| WHAT TO PRODUCE |
Begin at the line below that has "Outro tema econômico". Stop after the line that has "民生观察工作室2013-8-6消息:8月", repeating each line exactly and leaving out the pictures.

** DATASET EXTRACT follows **

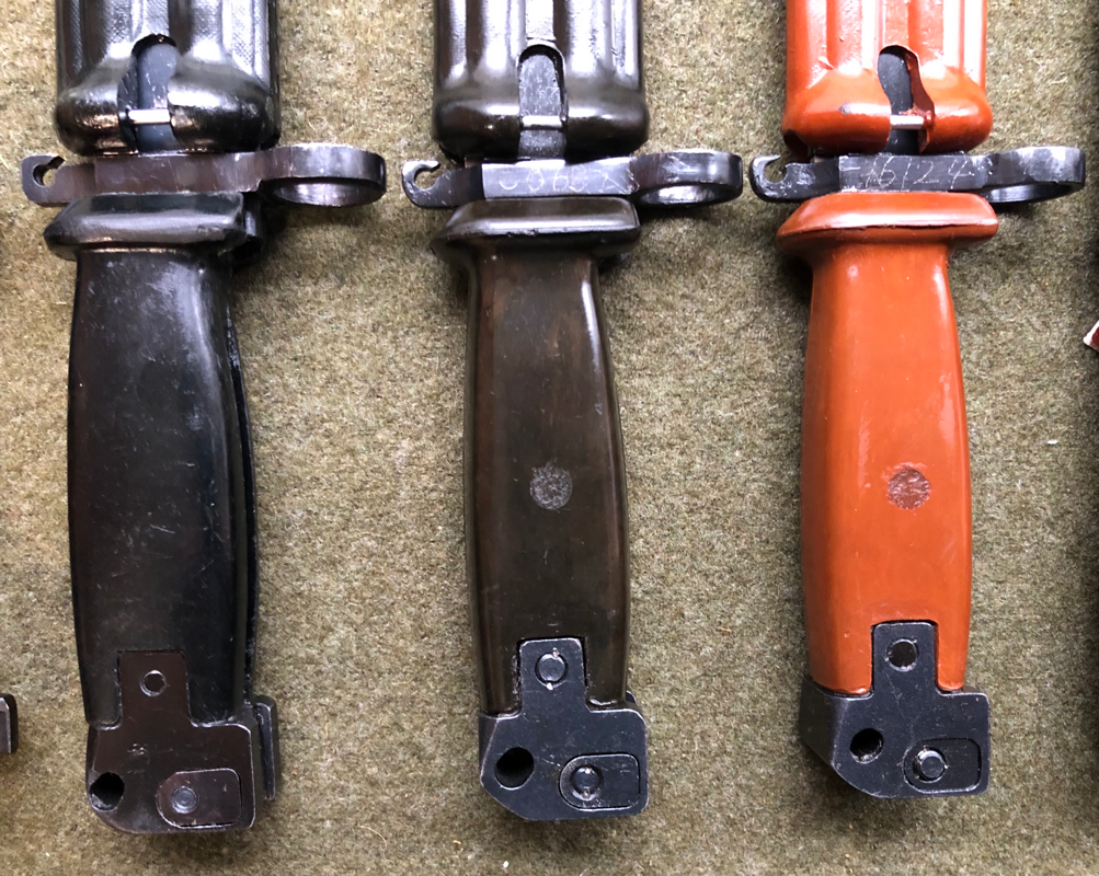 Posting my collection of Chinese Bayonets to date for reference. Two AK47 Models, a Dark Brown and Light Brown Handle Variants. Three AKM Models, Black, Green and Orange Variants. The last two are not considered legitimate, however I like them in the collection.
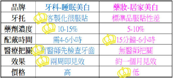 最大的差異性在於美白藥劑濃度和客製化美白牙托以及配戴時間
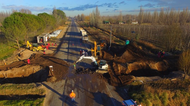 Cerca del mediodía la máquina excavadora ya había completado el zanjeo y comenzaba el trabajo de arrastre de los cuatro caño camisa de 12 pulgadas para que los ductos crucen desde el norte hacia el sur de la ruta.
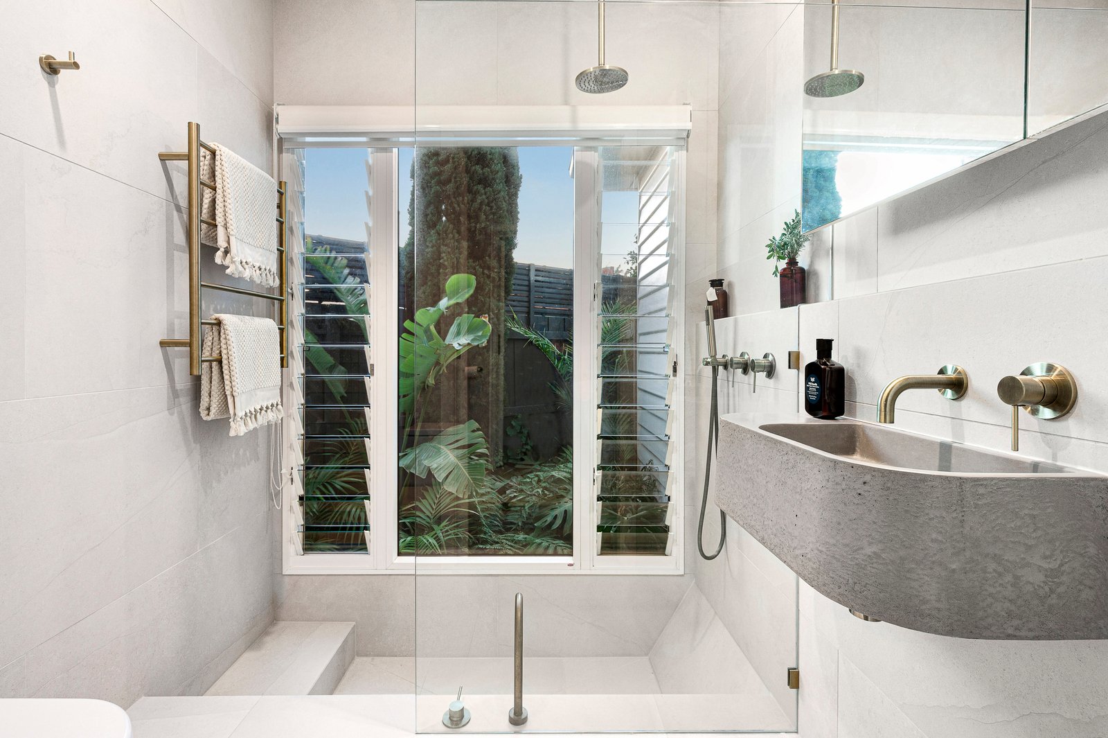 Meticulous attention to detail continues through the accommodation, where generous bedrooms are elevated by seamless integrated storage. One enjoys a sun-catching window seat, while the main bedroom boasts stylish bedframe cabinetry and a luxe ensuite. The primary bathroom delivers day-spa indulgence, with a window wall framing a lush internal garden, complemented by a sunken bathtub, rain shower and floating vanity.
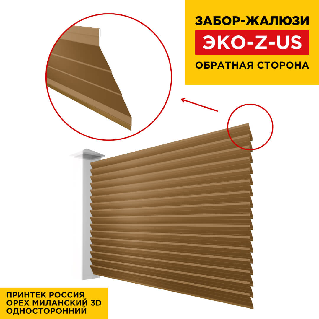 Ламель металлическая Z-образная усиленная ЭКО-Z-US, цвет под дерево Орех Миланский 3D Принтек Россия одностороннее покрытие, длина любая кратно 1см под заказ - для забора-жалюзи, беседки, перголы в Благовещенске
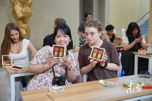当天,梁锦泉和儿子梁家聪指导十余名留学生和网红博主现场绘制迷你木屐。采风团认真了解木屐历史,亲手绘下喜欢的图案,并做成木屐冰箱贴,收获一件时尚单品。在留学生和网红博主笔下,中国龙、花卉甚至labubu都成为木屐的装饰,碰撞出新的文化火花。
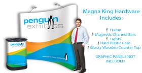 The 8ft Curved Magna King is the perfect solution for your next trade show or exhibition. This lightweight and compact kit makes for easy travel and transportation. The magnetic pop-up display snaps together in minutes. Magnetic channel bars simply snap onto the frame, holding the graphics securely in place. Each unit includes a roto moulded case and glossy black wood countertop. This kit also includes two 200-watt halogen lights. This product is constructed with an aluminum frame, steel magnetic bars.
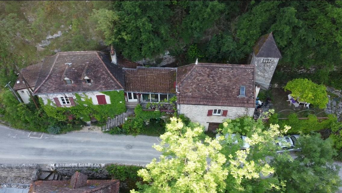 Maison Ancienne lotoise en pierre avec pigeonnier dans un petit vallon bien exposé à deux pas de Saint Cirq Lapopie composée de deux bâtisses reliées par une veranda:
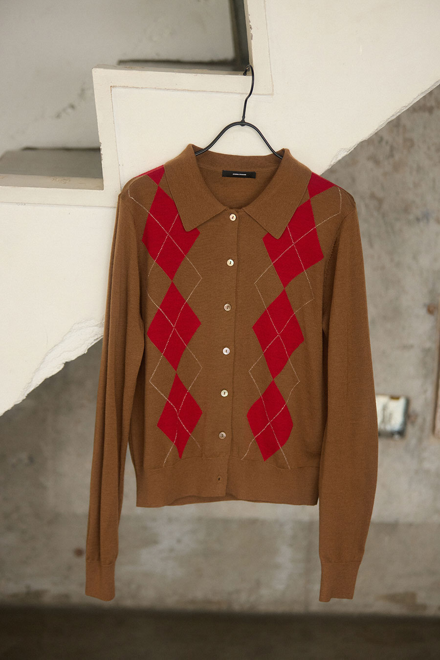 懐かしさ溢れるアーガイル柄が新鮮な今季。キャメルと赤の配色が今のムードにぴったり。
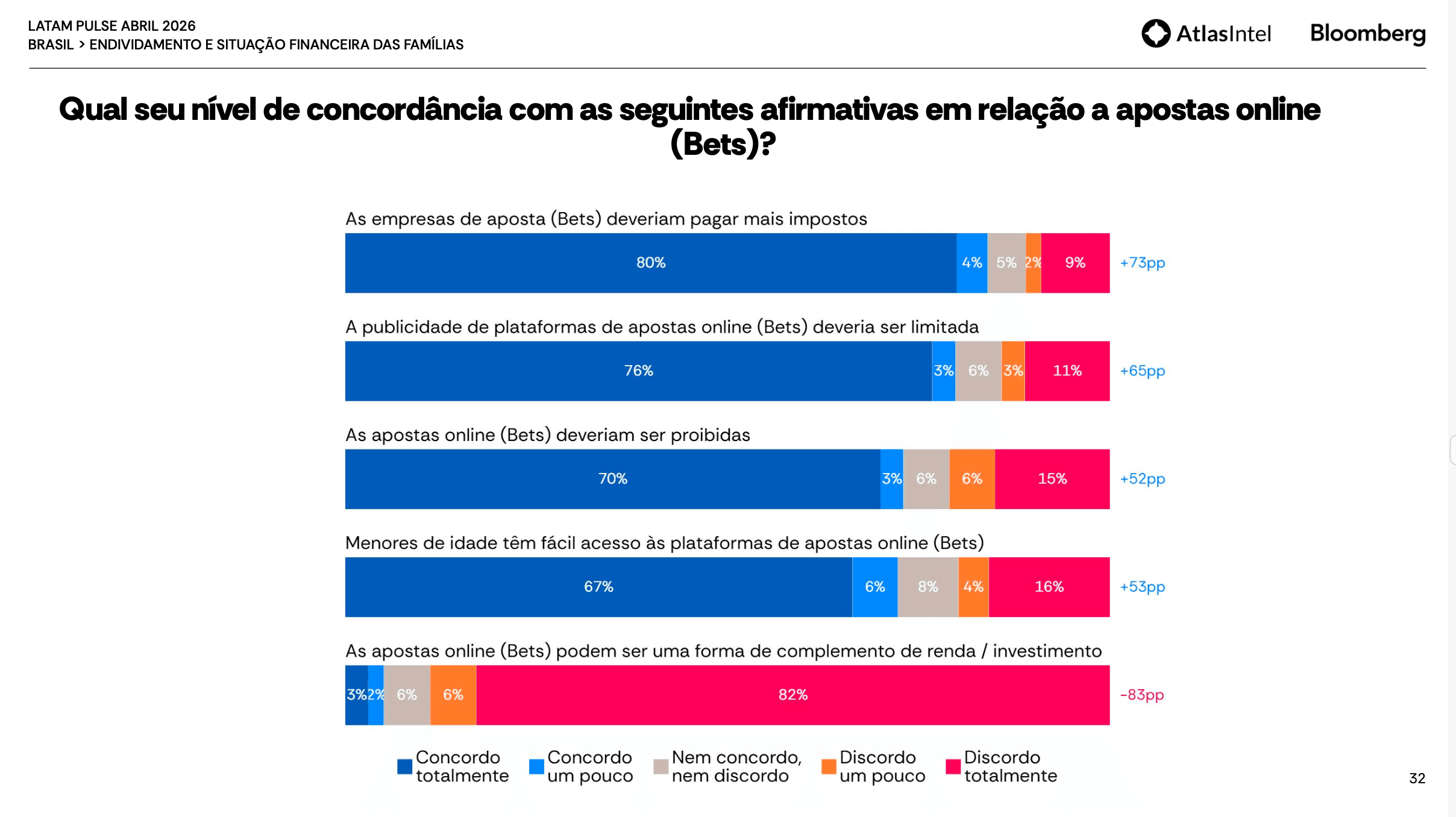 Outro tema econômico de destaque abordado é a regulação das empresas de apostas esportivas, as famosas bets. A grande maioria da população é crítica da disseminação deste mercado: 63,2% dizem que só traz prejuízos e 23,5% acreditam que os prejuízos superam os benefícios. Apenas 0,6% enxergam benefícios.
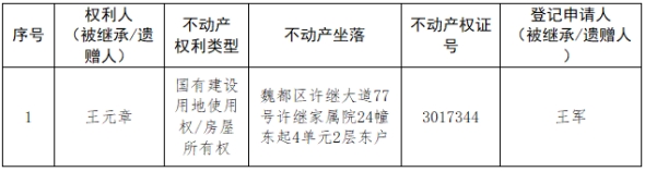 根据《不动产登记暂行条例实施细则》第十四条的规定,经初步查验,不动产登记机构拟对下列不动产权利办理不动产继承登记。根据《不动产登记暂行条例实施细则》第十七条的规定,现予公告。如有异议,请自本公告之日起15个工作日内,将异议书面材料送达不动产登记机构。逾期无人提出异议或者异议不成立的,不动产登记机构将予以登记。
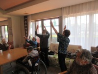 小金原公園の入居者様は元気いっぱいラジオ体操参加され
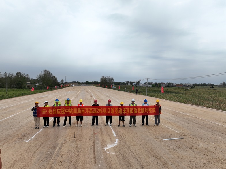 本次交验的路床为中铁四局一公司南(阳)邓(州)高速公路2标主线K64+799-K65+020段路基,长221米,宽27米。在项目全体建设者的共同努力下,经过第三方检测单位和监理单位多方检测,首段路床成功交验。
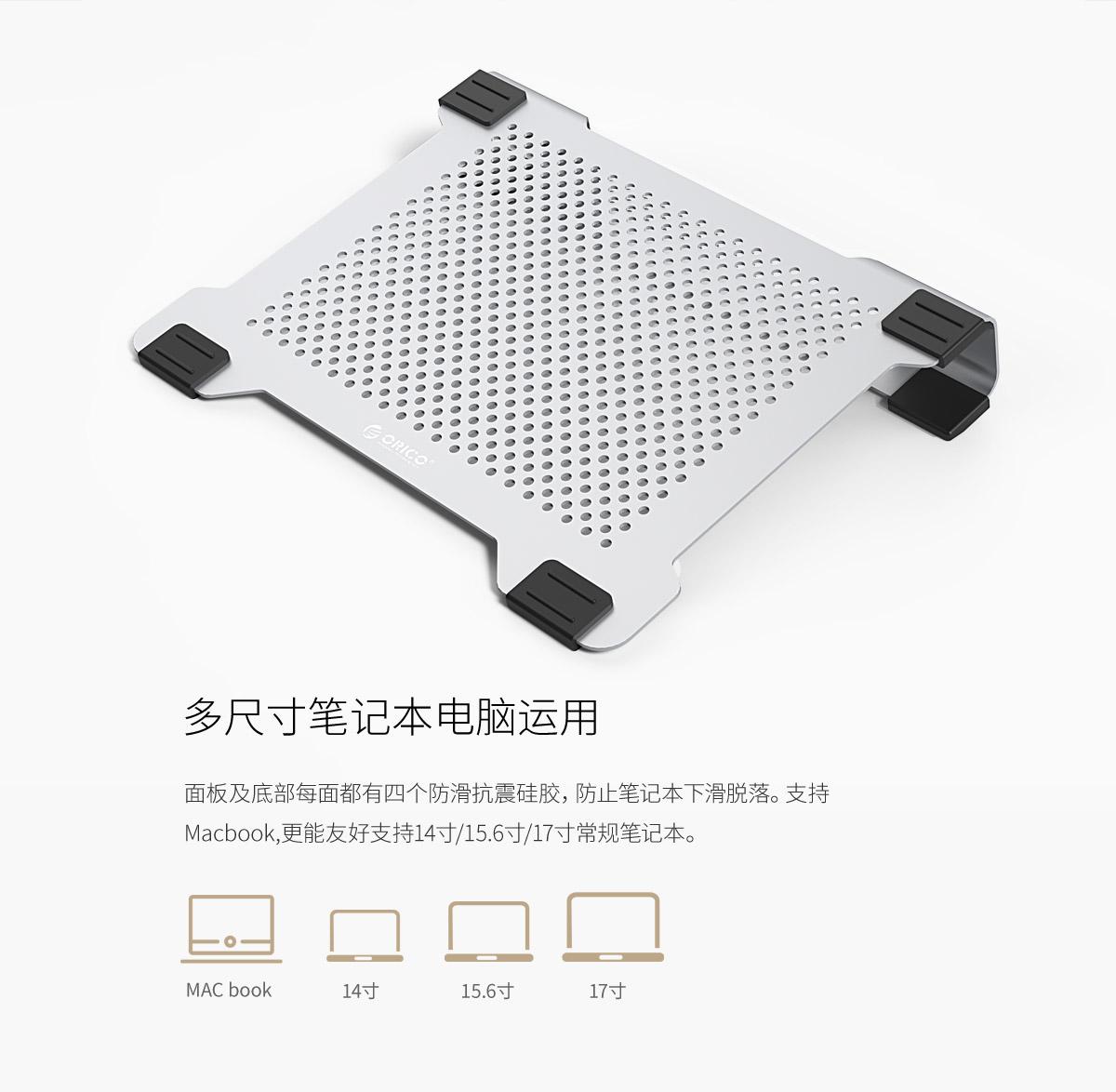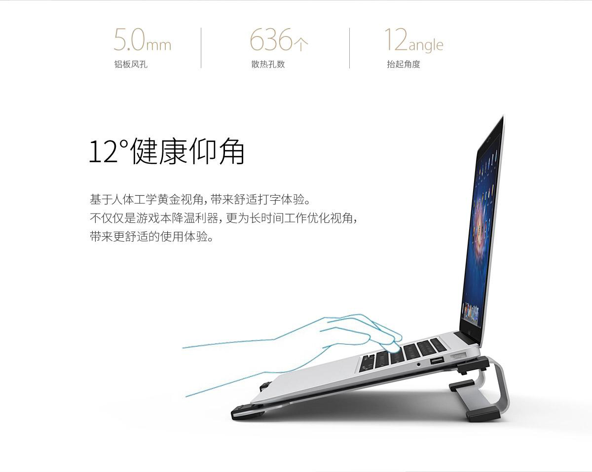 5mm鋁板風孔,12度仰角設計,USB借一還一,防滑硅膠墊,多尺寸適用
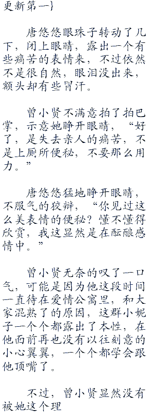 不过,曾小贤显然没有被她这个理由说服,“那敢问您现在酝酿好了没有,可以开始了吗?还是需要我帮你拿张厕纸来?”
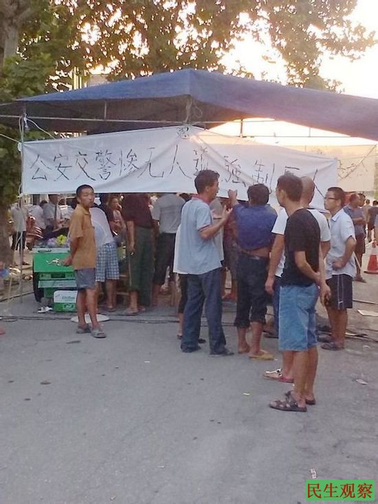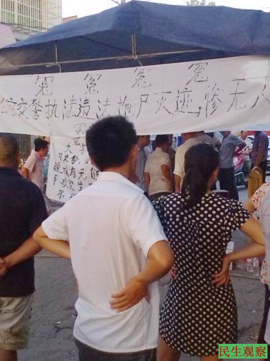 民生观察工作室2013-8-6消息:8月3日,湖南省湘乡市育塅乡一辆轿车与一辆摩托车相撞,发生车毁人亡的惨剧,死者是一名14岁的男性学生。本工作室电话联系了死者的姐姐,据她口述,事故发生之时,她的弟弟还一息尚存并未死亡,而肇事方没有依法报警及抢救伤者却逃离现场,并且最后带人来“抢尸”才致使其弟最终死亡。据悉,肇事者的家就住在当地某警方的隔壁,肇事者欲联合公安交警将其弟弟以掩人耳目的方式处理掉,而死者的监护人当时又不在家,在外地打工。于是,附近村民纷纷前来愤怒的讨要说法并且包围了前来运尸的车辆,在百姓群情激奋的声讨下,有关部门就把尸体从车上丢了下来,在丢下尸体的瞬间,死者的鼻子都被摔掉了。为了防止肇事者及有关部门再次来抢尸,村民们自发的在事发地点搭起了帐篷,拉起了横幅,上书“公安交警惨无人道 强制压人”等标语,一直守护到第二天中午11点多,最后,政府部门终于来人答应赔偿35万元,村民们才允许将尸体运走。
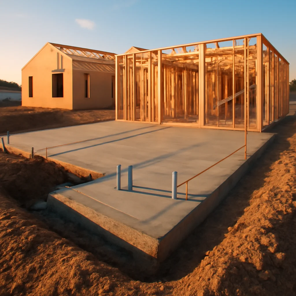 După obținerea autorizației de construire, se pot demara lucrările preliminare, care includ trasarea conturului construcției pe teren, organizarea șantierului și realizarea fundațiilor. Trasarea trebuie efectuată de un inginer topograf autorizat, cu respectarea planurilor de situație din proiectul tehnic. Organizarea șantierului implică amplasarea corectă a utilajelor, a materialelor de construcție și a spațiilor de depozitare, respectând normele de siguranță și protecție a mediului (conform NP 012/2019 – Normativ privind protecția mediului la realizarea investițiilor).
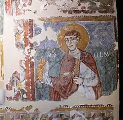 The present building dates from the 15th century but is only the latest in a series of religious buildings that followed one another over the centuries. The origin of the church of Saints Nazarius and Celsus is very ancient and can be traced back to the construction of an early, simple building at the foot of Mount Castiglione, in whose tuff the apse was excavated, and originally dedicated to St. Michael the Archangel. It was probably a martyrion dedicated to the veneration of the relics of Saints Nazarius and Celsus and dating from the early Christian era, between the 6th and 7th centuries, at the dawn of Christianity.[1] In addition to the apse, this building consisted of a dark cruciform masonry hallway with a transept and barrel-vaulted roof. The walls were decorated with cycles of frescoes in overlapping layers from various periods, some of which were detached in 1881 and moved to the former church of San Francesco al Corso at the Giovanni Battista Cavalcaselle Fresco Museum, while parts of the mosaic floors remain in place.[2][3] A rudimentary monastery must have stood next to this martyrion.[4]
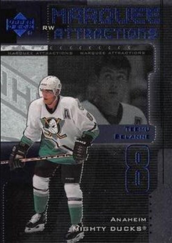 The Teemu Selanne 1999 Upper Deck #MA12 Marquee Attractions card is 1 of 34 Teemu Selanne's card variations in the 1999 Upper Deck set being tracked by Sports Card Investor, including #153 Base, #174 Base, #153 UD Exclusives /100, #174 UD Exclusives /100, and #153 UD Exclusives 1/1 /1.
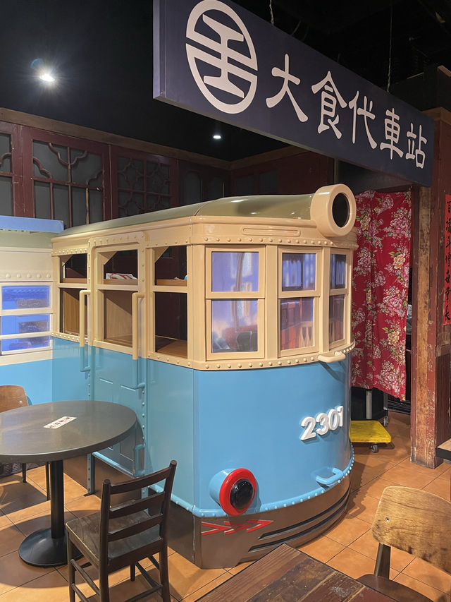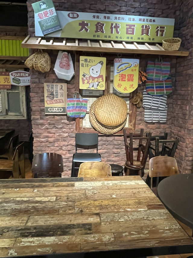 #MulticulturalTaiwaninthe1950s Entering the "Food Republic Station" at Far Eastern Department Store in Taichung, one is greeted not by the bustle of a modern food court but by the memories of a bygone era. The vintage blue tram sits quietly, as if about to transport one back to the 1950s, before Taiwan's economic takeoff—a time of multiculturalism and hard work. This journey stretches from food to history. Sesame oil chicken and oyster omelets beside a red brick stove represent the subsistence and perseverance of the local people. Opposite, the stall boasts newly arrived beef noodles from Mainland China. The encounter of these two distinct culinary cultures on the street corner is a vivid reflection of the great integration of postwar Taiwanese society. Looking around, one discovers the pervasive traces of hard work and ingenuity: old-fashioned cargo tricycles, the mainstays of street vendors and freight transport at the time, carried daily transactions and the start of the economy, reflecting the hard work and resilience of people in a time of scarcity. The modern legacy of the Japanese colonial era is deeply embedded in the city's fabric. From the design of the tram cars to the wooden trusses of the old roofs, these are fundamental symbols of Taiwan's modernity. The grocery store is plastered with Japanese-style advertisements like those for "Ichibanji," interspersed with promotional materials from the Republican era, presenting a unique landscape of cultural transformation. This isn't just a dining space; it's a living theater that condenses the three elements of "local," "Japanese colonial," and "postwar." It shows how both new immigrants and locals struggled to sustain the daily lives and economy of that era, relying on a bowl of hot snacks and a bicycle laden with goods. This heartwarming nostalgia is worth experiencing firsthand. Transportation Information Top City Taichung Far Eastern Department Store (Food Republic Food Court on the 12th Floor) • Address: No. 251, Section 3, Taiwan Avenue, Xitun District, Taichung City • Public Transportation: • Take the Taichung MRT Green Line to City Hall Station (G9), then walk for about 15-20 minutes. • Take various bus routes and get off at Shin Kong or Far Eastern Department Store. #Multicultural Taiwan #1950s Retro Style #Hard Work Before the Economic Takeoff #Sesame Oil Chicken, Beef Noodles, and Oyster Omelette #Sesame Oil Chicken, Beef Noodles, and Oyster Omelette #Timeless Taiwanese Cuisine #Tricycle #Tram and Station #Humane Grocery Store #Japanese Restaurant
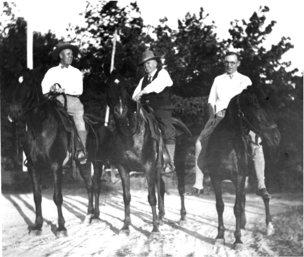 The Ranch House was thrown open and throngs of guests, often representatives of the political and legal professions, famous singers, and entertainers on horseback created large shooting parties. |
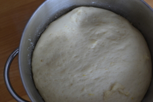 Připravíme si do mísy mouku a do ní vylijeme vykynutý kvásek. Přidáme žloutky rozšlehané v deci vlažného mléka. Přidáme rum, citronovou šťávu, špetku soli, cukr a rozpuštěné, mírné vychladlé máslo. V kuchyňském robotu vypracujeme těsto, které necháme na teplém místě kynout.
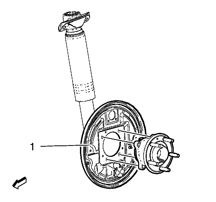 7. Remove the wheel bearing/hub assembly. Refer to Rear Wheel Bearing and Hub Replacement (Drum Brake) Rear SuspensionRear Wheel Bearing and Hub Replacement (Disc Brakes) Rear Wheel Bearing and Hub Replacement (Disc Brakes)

** End of DATASET EXTRACT **

| SOLUTION FOR THIS PROBLEM |
 Outro tema econômico de destaque abordado é a regulação das empresas de apostas esportivas, as famosas bets. A grande maioria da população é crítica da disseminação deste mercado: 63,2% dizem que só traz prejuízos e 23,5% acreditam que os prejuízos superam os benefícios. Apenas 0,6% enxergam benefícios.
 根据《不动产登记暂行条例实施细则》第十四条的规定,经初步查验,不动产登记机构拟对下列不动产权利办理不动产继承登记。根据《不动产登记暂行条例实施细则》第十七条的规定,现予公告。如有异议,请自本公告之日起15个工作日内,将异议书面材料送达不动产登记机构。逾期无人提出异议或者异议不成立的,不动产登记机构将予以登记。
 小金原公園の入居者様は元気いっぱいラジオ体操参加され
 本次交验的路床为中铁四局一公司南(阳)邓(州)高速公路2标主线K64+799-K65+020段路基,长221米,宽27米。在项目全体建设者的共同努力下,经过第三方检测单位和监理单位多方检测,首段路床成功交验。
 5mm鋁板風孔,12度仰角設計,USB借一還一,防滑硅膠墊,多尺寸適用
 不过,曾小贤显然没有被她这个理由说服,“那敢问您现在酝酿好了没有,可以开始了吗?还是需要我帮你拿张厕纸来?”
 民生观察工作室2013-8-6消息:8月3日,湖南省湘乡市育塅乡一辆轿车与一辆摩托车相撞,发生车毁人亡的惨剧,死者是一名14岁的男性学生。本工作室电话联系了死者的姐姐,据她口述,事故发生之时,她的弟弟还一息尚存并未死亡,而肇事方没有依法报警及抢救伤者却逃离现场,并且最后带人来“抢尸”才致使其弟最终死亡。据悉,肇事者的家就住在当地某警方的隔壁,肇事者欲联合公安交警将其弟弟以掩人耳目的方式处理掉,而死者的监护人当时又不在家,在外地打工。于是,附近村民纷纷前来愤怒的讨要说法并且包围了前来运尸的车辆,在百姓群情激奋的声讨下,有关部门就把尸体从车上丢了下来,在丢下尸体的瞬间,死者的鼻子都被摔掉了。为了防止肇事者及有关部门再次来抢尸,村民们自发的在事发地点搭起了帐篷,拉起了横幅,上书“公安交警惨无人道 强制压人”等标语,一直守护到第二天中午11点多,最后,政府部门终于来人答应赔偿35万元,村民们才允许将尸体运走。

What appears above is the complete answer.